Tim Homfray attends the performance of Haydn and Beethoven at London’s Wigmore Hall on 23 January 2023
The Doric Quartet opened Haydn’s op.50 no.5 Quartet in F major as if it were a question, with violins followed by curious ‘wrong’ notes in the lower instruments, before resolving into a satisfying perfect cadence. It offered a veritable musical mini-drama, all within the first eight bars. A mix of wrong-footing wit and tonal richness ran through the movement, with some fleet passagework from leader Alex Redington. The slow movement was a seamless meditation, a single lyrical arc. Some teasing touches of rubato added theatre to the Menuetto. Redington produced some soupy portamentos at the beginning of the finale, steadily taken but with a nice energy. Its humour was heightened with touches of rubato, including a couple of bars of heavy unison ritenuto, all given with twinkles in the eyes.
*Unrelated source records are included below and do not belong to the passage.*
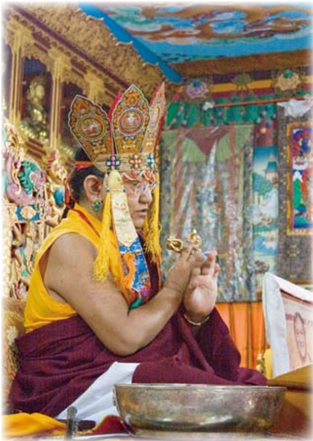
His Holiness officiating at a Mahavairocana puja in Sakya Centre earlier this year

Mahavairocana is one of the most important pujas in Tibetan Buddhism. In Tibetan, it is called ‘Khünrig’, and in Sanskrit ‘Saravidhia’. Originally, it was a tantra given in the heavenly realms.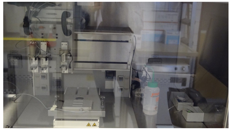
Fig. 5: Inside of a cell 3D printer (AELEN 2018)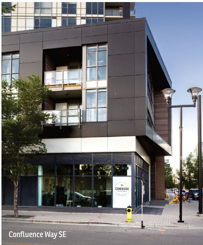
Confluence Way SE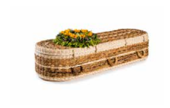
The BANANA Round by Eco COffins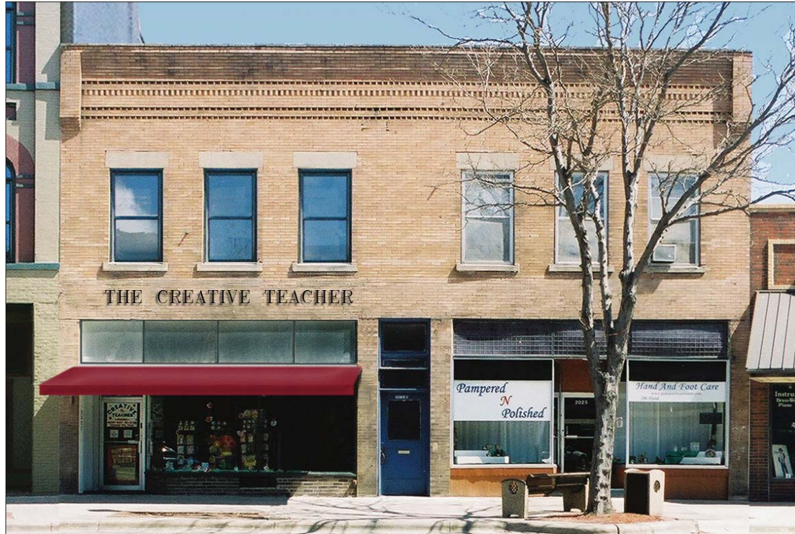
Image 12. Option 2.2: A new retractable awning (refer to Image 3) is installed above the storefront display window and below the transom windows. New signage (see Image 10) is mounted above the transom windows. New bronze-colored metal double hung windows are installed on the second story.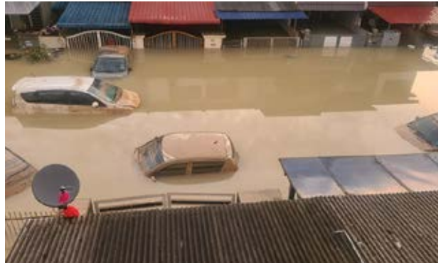
View of the flood from the roof

Here comes the devastating experience. Our great disappointment was due to the delayed response by the authorities to rescue victims during this disaster. Many were stuck in their houses for 3-4 days without electricity, food,

Read: The Doric Quartet on switching to Classical bows
Violist Brett Dean joined the players for Beethoven’s C major Quintet op.29. The musicians gave a spacious account of the opening Allegro, and were closely observant of the many pianos and pianissimos, the more to bring out the drama of the abrupt fortes in the development. They took an equally broad view of the second-movement Adagio molto espressivo, with a surface serenity and subtle, expressive phrasing. After the spirited rustic dance of the Scherzo, the Presto finale was theatrical and suitably colourful, not least in the deliberately incongruous Andante section in the middle of it, an effect Beethoven liked so much he repeated it in the coda.